Повозка тронулась. Аврелия нигде не была, кроме своего поместья, владений Сервилия и Нолы, куда ездила только три раза. Пред ней раскинулись один за другим живописные ландшафты. То въезжала она в темный, густой лес, полный мирт, кедров, дубов, буков, сосен и других деревьев, перевитых и перепутанных между собою диким виноградом, плющом, жимолостью и другими вьющимися растениями, между которыми белелись скромные, душистые цветы дикой повилики из породы ипомей.
То расстилалась долина с колючими кактусами, растущими по канавам, с одинокими тополями и дикой маслиной, со стадами, пасущимися на тучной траве, пестреющей цветами.
Вдали на холмах виднелись развалины какого-нибудь храма или целого города, разрушенного неприятелем еще во времена Аннибала, развалины, поросшие мхом и деревьями, с двумя-тремя башнями или колоннами, до сих пор гордо стоящими среди всеобщего разрушения.

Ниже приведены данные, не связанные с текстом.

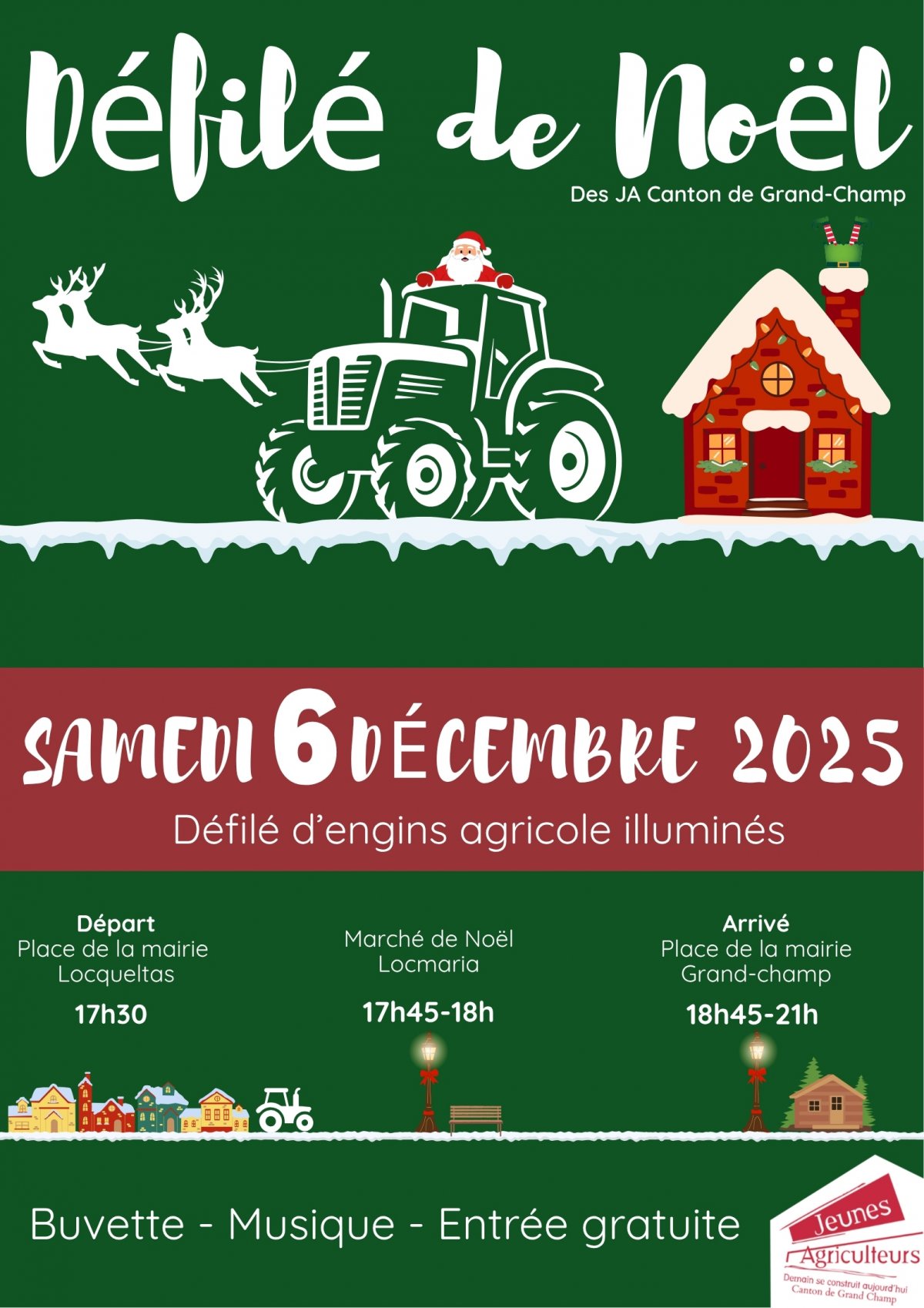 🚜 Et oui, c'est une nouveauté 2025... Les Jeunes Agriculteurs du canton de Grand-Champ organisent un défilé d'engins agricoles illuminés le samedi 6 décembre 2025, dont l'arrivée se fera au marché de Noel de Grand-Champ !🎅 Vous pourrez les retrouver sur leur parcours enchanté :
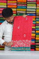 Jute Lenin Silk Bathik Print Bright Pink With Rama Green Saree
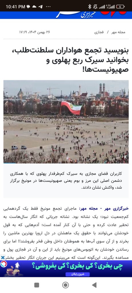 خبرگزاری اصولگرای مهر، زیر نظر سازمان تبلیغات اسلامی تجمع مونیخ را یک گردهم آیی کم جمعیت نامیده است.
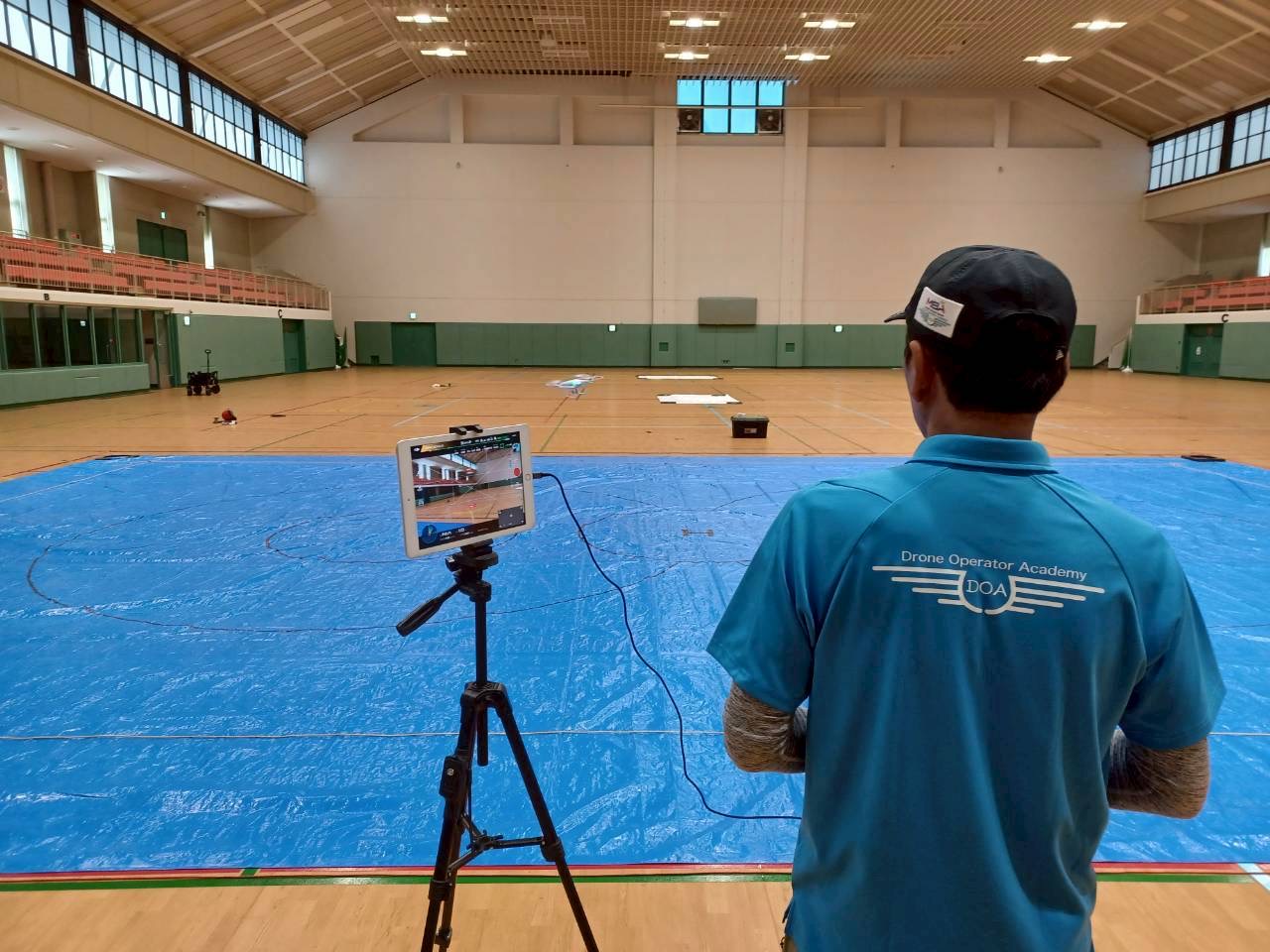 当スクールでは、初めて屋内でのドローン講習および修了審査を行いました。

Иногда эти картины сменялись деревнею, полною жизни с ее говором и беготней. Повозки останавливались у цистерны, кучера поили лошадей и давали им отдохнуть и поесть на лужайке; господа и слуги вместе закусывали, разложив костер и сварив горох в котле, повешенном над огнем, или зажарив курицу, или напекши лепешек с салом.
Аврелия видела горные каскады, с шумом вливающиеся в реки, по которым несутся лодки с рыбаками, кидающими невод, весело распевая.

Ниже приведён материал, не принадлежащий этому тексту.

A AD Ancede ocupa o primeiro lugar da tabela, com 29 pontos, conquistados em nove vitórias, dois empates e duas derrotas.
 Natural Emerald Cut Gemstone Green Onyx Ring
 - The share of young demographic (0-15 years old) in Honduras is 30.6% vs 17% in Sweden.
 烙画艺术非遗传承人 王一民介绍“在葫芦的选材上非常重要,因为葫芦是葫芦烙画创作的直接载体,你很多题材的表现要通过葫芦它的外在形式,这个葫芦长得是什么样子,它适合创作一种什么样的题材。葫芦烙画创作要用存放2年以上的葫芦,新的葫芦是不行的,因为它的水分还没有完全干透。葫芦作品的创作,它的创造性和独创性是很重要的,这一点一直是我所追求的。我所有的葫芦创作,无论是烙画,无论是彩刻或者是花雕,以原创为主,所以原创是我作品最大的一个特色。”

Одни картины сменялись другими.
Для Аврелии все это было ново; все ее занимало; ее спокойствие ничем не нарушалось, потому что отец до того увлекся своими сетованьями об умершем, что, толкуя одно и то же невольнику, позабыл о ней и ни в повозку не звал, ни во время остановок не придирался к ней.
Сначала Аврелии ненадолго как будто взгрустнулось о всем и всех, что и кого она покинула.

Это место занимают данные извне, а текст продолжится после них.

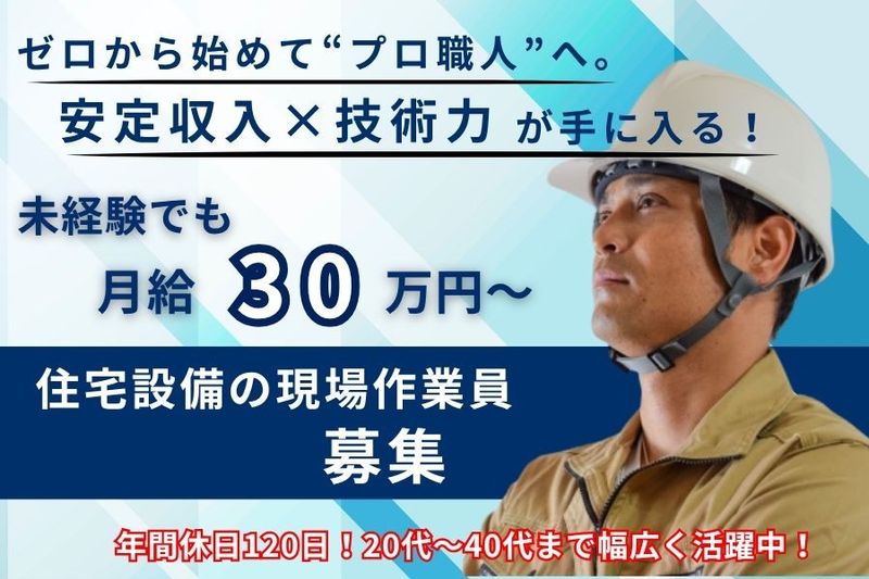 【仕事内容】 ⏰未経験OK!現場作業スタッフ募集! 業務拡大につき、施工メンバーを増員します! 当社は住宅設備のメンテナンスからリフォーム・改修まで幅広く対応する地域密着型の企業です。 お客様の「快適な暮らし」を支える存在として、今後さらなる成長が期待される中、新たな仲間を迎え入れ体制を強化していきます。 【ココで働くおすすめポイント】 ⭕️月給30万円~で稼げる ⭕️年間休日120日以上でプライベートも充実 ⭕️未経験安心!作業は2人1組 ⏩️仕事内容 瓦の補強や塗装など、住宅の外回りの補強作業を担当いただきます(戸建て住宅が中心)。 エコキュートやソーラー、屋根リフォームなど住宅設備の設置作業もあり。 ※現場は春日井市の事務所に集合後、社用車で向かいます。 ============== ✅月給30~60万円で稼げる! ============== 未経験でも月給30万円でガッツリ稼げる! 手に職がつく×安定収入が叶います✨ 年間休日120日以上で仕事とプライベートの両立も可能で、無理なく長く続けられる環境です。 ======= ✅未経験OK! ======= 作業は2人1組で行うため、未経験でも安心! 半年後には作業の流れがつかめるようになります。 ========= ✅入社3年でプロに ========= 入社3年後には、“プロの施工職人”として独り立ちも可能! 手に職がつけられる環境です。 【求人ID-GNB】
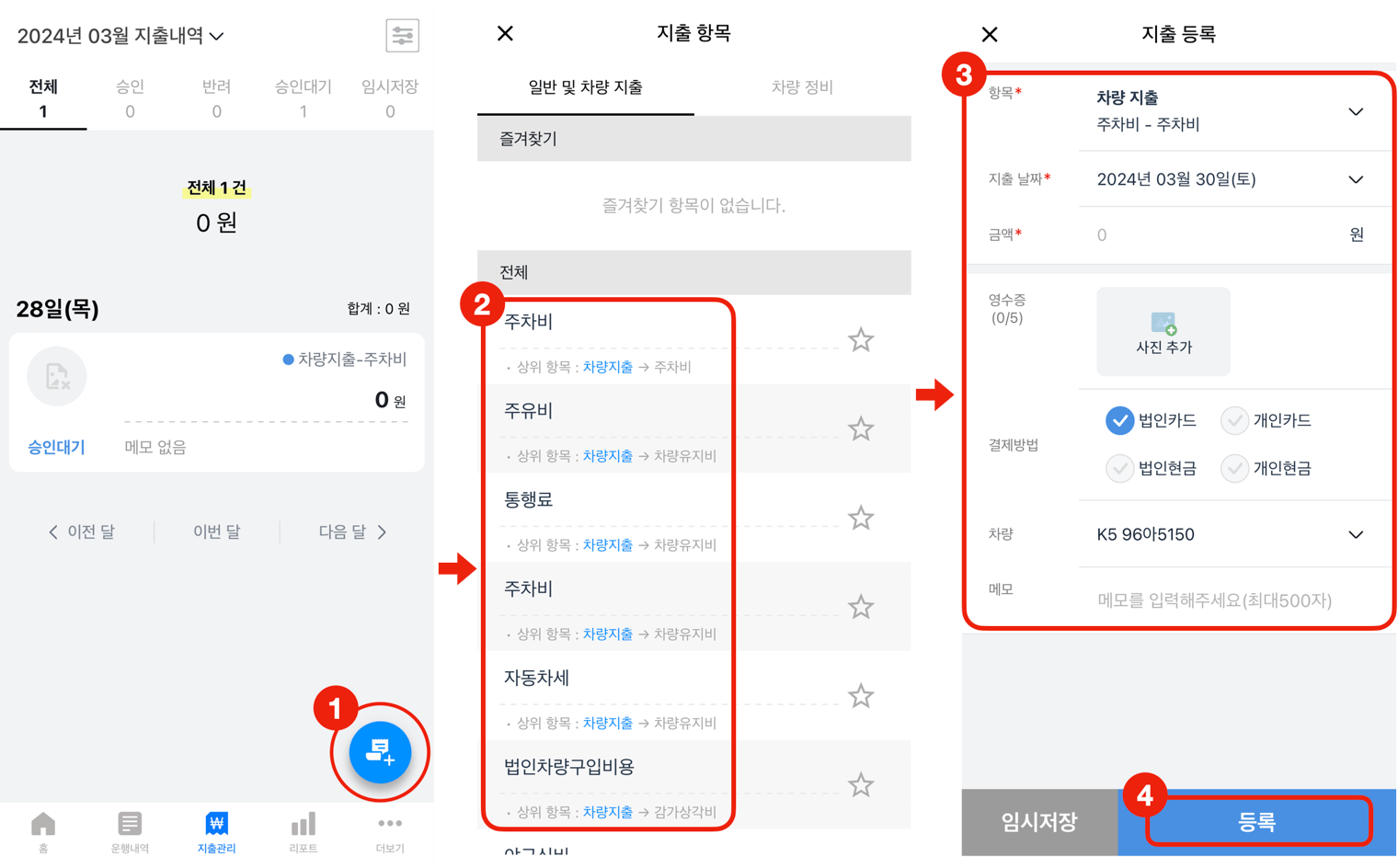 a. '지출등록' 버튼을 누릅니다.
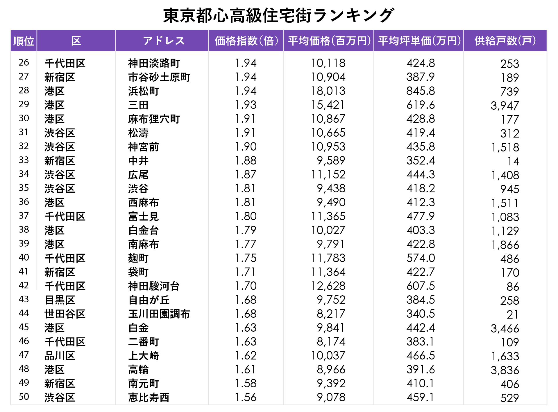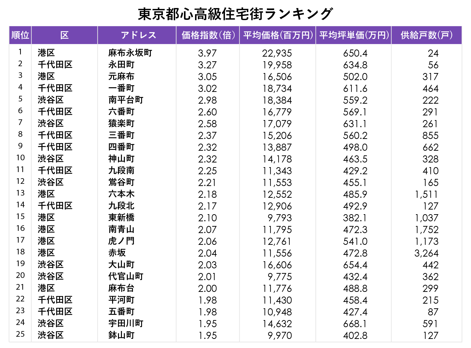 ランキング上位の価格指数をみると、4位の「一番町」までが(23区の平均価格の)3倍、21位の「麻布台」までが2倍以上でという結果になりました。
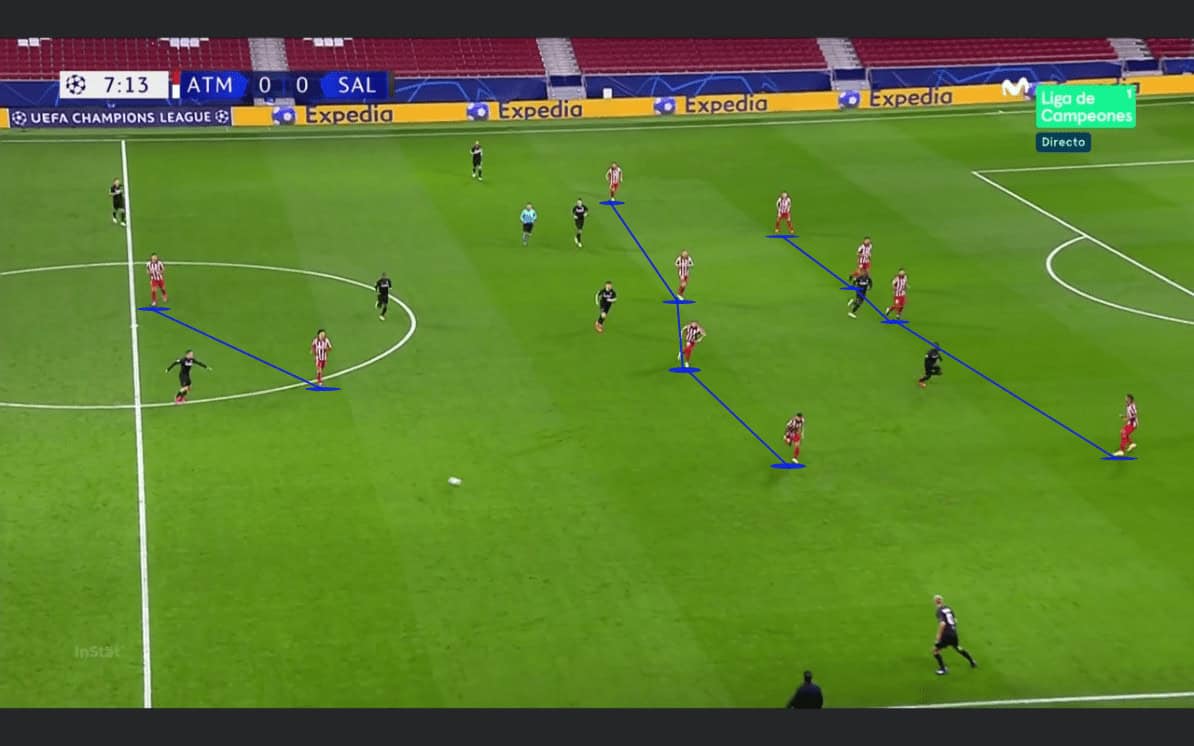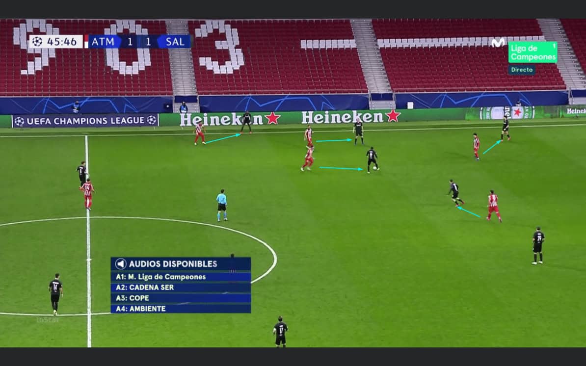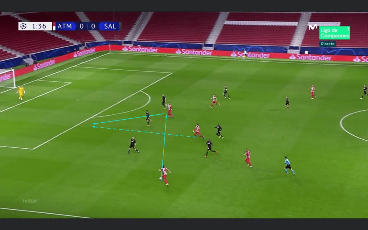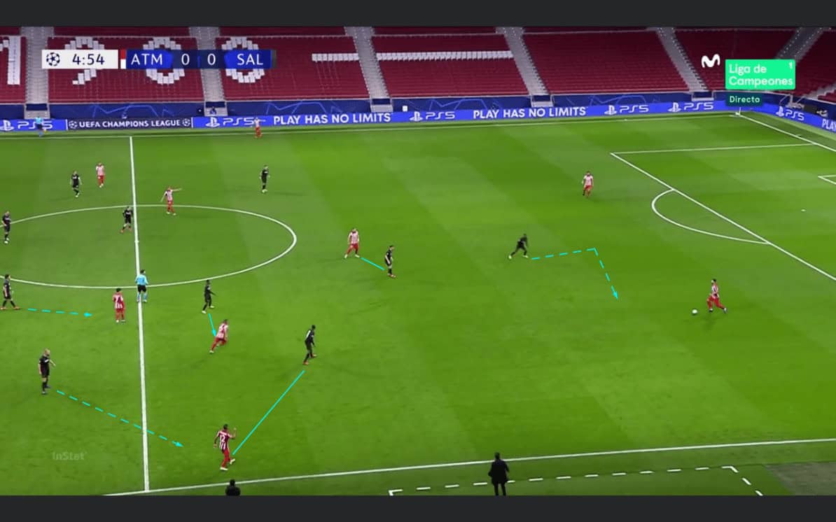 As Salzburg took the lead, Simeone had one more trick up his sleeve. In order to break down the away side, Simone asked Koke to drop next to the centre-backs and create a back three in possession.

Припомнилась ей ее комнатка, простая, выбеленная, маленькая комнатка без всяких украшений, но полная воспоминаний, и далеких и близких, украсивших ее лучше всяких дорогих картин.
Там она играла ребенком со своею давно умершею нянею: там ее ласкала, учила прясть и шить ее нежно любимая мать, умершая четыре года тому назад в преклонных летах спокойною смертью.
Если б она теперь была жива, не случилось бы с Аврелией многого, что ее измучило в такие молодые годы. Мать была ее защитницей перед отцом, ее советницей и руководительницей. Теперь, увы, ее уж нет на свете!..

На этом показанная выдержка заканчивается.